Start of Block

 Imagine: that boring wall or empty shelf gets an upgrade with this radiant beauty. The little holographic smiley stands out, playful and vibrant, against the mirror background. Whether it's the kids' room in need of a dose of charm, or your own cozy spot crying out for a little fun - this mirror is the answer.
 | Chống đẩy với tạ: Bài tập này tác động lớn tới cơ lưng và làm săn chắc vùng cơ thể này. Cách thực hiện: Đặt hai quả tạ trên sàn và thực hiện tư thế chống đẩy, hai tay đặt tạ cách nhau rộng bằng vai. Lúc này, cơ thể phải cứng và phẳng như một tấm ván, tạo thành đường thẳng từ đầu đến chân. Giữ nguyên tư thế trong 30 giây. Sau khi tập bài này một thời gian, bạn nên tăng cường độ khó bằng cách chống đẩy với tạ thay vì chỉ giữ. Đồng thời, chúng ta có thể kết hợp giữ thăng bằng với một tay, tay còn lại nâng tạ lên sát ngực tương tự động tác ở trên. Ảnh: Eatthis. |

End of Block
Start of Block

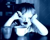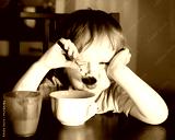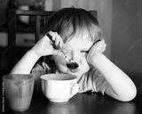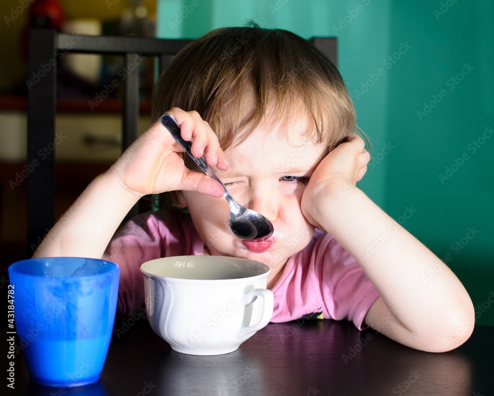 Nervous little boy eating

End of Block

Please copy the lines in the records above between the one holding "Imagine: that boring" and the one holding "Ảnh: Eatthis. |", inclusive, exactly and with no other line.

 Imagine: that boring wall or empty shelf gets an upgrade with this radiant beauty. The little holographic smiley stands out, playful and vibrant, against the mirror background. Whether it's the kids' room in need of a dose of charm, or your own cozy spot crying out for a little fun - this mirror is the answer.
 | Chống đẩy với tạ: Bài tập này tác động lớn tới cơ lưng và làm săn chắc vùng cơ thể này. Cách thực hiện: Đặt hai quả tạ trên sàn và thực hiện tư thế chống đẩy, hai tay đặt tạ cách nhau rộng bằng vai. Lúc này, cơ thể phải cứng và phẳng như một tấm ván, tạo thành đường thẳng từ đầu đến chân. Giữ nguyên tư thế trong 30 giây. Sau khi tập bài này một thời gian, bạn nên tăng cường độ khó bằng cách chống đẩy với tạ thay vì chỉ giữ. Đồng thời, chúng ta có thể kết hợp giữ thăng bằng với một tay, tay còn lại nâng tạ lên sát ngực tương tự động tác ở trên. Ảnh: Eatthis. |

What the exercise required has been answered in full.